Monovision: a review.

Author information

  • 1Neville Chappell Research Clinic, Institute of Optometry, 56-62 Newington Causeway, London SE1 6DS, UK. bruce.evans@virgin.net

Abstract

In presbyopia, patients can no longer obtain clear vision at distance and near. Monovision is a method of correcting presbyopia where one eye is focussed for distance vision and the other for near. Monovision is a fairly common method of correcting presbyopia with contact lenses and has received renewed interest with the increase in refractive surgery. The present paper is a review of the literature on monovision. The success rate of monovision in adapted contact lens wearers is 59-67%. The main limitations are problems with suppressing the blurred image when driving at night and the need for a third focal length, for example with computer screens at intermediate distances. Stereopsis is impaired in monovision, but most patients do not seem to notice this. These limitations highlight the need to take account of occupational factors.

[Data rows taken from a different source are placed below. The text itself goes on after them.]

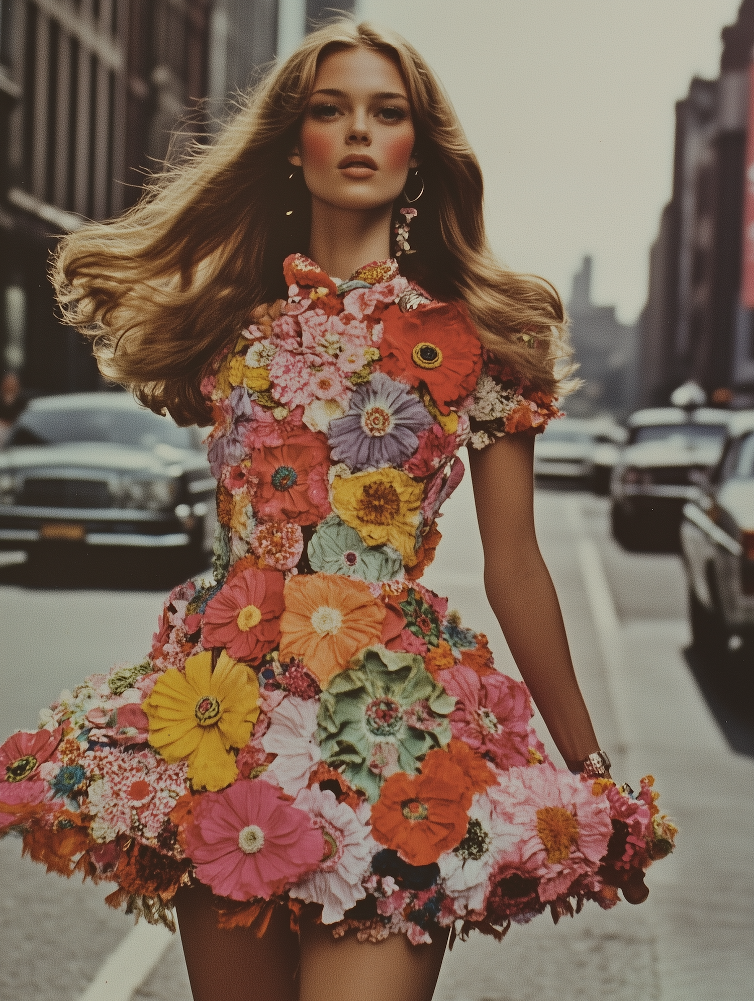 A stylish woman in a floral dress walks confidently in an urban setting, blending vibrant fashion with a dynamic city backdrop.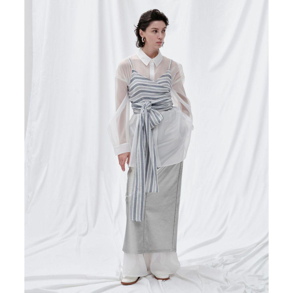 |半裙|獨家 僅一件 日本貴牌 AKTE 銀色皮質長裙 人造皮革工字裙 直筒裙 柔軟 日貨 日牌 全現貨 yae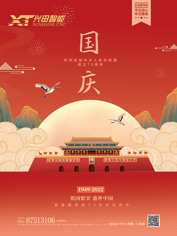 值此國(guó)慶佳節(jié)來(lái)臨之際,山東興田陽(yáng)光智能裝備股份有限公司董事長(zhǎng)徐福厚、總經(jīng)理徐鵬攜全體員工向廣大合作伙伴、公司全體員工及家人表示衷心的感謝,并致以節(jié)日的問(wèn)候!祝大家國(guó)慶節(jié)快樂(lè),闔家歡樂(lè)!感謝您一路對(duì)山東興田陽(yáng)光智能的支持與厚愛(ài);展望未來(lái),我們將繼續(xù)與您攜手并進(jìn)、合作共贏、再創(chuàng)輝煌!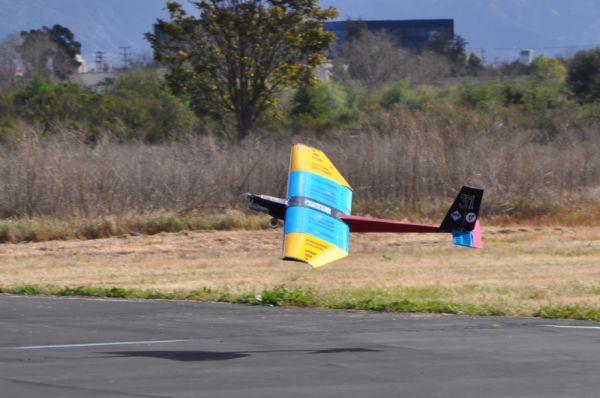 Ogromny pęd sprawia, że Biceps szybko toczy się po pasie i nie chce się zatrzymać. Uderza w trawę na końcu pasa i jeszcze chwilę jedzie dalej. Opuszczenie pasa w taki sposób jest dozwolone. Zderzenie z trawą powoduje wygięcie potężnego pręta przedniej goleni, ale nic nie odpada od modelu. Lot będzie zaliczony. Skaczemy z radości – nigdy jeszcze nie podnieśliśmy takiego ciężaru. Mamy nadzieję, że nasza konkurencja też. Idziemy zważyć nasze ciężarki. Sędziowie robią zdziwione miny, gdy na wyświetlaczu pojawia się 29.8 lb. Na razie nie wiemy kto ile podniósł, ale mamy dobrze przeczucia.

Monovision could cause a binocular vision anomaly to decompensate, so the pre-fitting screening should include an assessment of orthoptic function. Various methods have been used to determine which eye should be given the distance vision contact lens and the literature on tests of ocular dominance is reviewed. It is concluded that tests of blur suppression are most likely to be relevant, but that ocular dominance is not fixed but is rather a fluid, adaptive, phenomenon in most patients. Suitable patients can often be given trial lenses that allow them to experiment with monovision in real world situations and this can be a useful way of revealing the preferred eye for each distance. Of course, no patient should drive or operate machinery until successfully adapted to monovision. Surgically induced monovision is less easily reversed than contact lens-induced monovision, and is only appropriate after a successful trial of monovision with contact lenses.

PMID:
17718882
[PubMed - indexed for MEDLINE]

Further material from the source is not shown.